OK each particule has a unique axis of rotation.
But in the end how do you want to render such particules ? Quads that may appear flat in front of the viewer ? Or always as impostors ?

In anyway if you want to transform quickly. The problem is matrix rotation. That's slow and this denormalizes the matrices. So you have to use quaternions instead. W (Omega) = rotationnal speed as a quaternion. Now you can transform your quad vertices directly as P'=W*P, it's as fast as a matrix. But beware that precision errors after each rotation may scale your quads. Another slution is to maintain Q (Position) as a quaternion. Make a quat mul each time. then same thing but accelerated since you quad verts are box (+-r,+-r,0) corners. That's the best solution.

BTW it's nearly equivalent to the cross prod trick of bpj. ^ seems more seducing tho but beware that it scales your quads continuously.

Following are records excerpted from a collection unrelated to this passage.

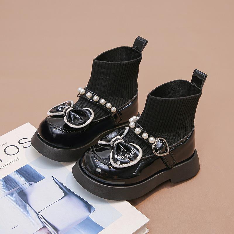Girls Boots 2025 Autumn and Winter New Short Boots Martin Boots Children's Socks Boots Girls Single Boots Velvet Pearl Princess Shoes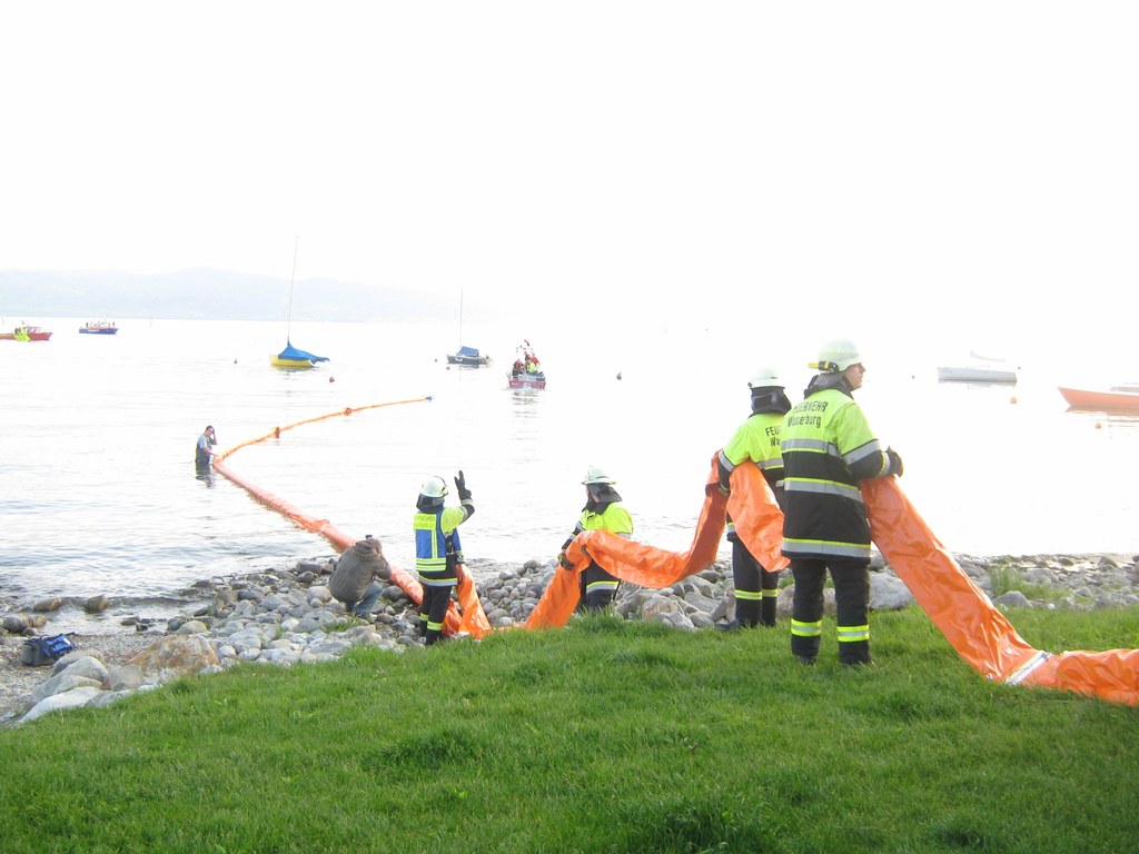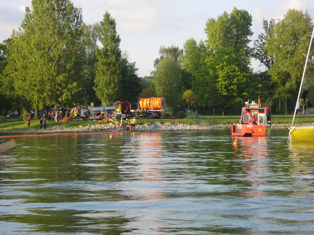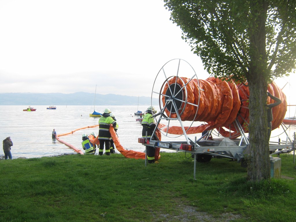 Insgesamt wurden in einem Zeitraum von eineinhalb Stunden unter der Leitung von Kreisbrandmeister Paul Sporrädle 800 Meter Schwimmsperren von den Einsatzkräften in den Bodensee und drei Festlandsperren in den Eschbach eingebracht.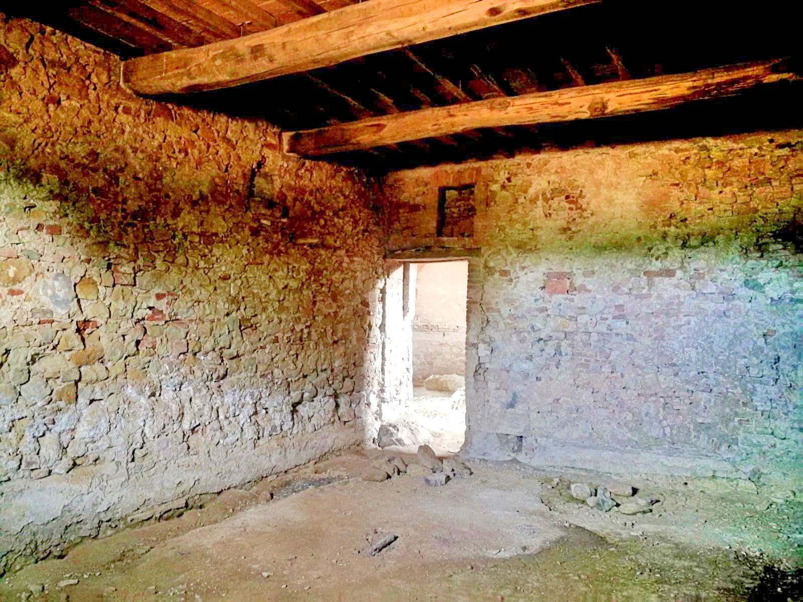 The farmhouse has been structurally consolidated and the roof and foundations have been done, but the complete renovation and all the finishing remain to complete. Externally it is made of stone and bricks while internally it has vaulted ceilings on the ground floor and exposed beams on the upper floors.

            b            I  cross prod added (bpj)o____________a ob>oa necessarilly (Phytagoros). thus you need to rescale ob each time by a constant .... which gives the exact quat*point formula ....

There can be different solutions depending on if you want to maintain you quad vertices or recompute them on the fly by maintaining a position instead. Both solutions cost nearly the same ( around 16 floats all counted ).

Else maybe it could be worse thinking 2D and impostors, in the z planes of the impostors. Then simple cached trigonometry as someone mentionned here.

Well you know where we can continue this discussion in details.

[edited by - Charles B on September 3, 2003 2:42:08 PM]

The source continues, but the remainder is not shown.